> _Input material_

▼

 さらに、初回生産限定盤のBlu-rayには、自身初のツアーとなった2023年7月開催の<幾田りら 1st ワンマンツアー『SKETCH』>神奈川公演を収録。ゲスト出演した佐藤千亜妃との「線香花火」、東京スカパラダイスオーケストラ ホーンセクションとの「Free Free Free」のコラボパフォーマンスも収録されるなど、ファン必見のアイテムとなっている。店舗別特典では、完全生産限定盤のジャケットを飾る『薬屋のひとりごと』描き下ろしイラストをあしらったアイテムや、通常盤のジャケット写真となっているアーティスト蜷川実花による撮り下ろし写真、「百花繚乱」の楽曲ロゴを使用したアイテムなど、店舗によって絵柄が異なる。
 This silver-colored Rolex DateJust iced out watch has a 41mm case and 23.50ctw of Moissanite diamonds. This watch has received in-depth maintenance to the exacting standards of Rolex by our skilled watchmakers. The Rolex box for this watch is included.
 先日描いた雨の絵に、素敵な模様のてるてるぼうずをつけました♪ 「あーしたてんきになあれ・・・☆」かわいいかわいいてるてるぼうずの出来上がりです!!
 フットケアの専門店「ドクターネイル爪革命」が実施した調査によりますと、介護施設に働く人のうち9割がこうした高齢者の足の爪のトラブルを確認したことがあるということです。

▲
▼

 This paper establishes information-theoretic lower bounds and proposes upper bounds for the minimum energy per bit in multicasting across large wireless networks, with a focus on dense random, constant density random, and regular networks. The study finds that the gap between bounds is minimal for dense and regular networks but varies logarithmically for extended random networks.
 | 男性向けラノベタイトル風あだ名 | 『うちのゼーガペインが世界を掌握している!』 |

▲

Your answer should consist of the lines from the material that contain "This".

 This silver-colored Rolex DateJust iced out watch has a 41mm case and 23.50ctw of Moissanite diamonds. This watch has received in-depth maintenance to the exacting standards of Rolex by our skilled watchmakers. The Rolex box for this watch is included.
 This paper establishes information-theoretic lower bounds and proposes upper bounds for the minimum energy per bit in multicasting across large wireless networks, with a focus on dense random, constant density random, and regular networks. The study finds that the gap between bounds is minimal for dense and regular networks but varies logarithmically for extended random networks.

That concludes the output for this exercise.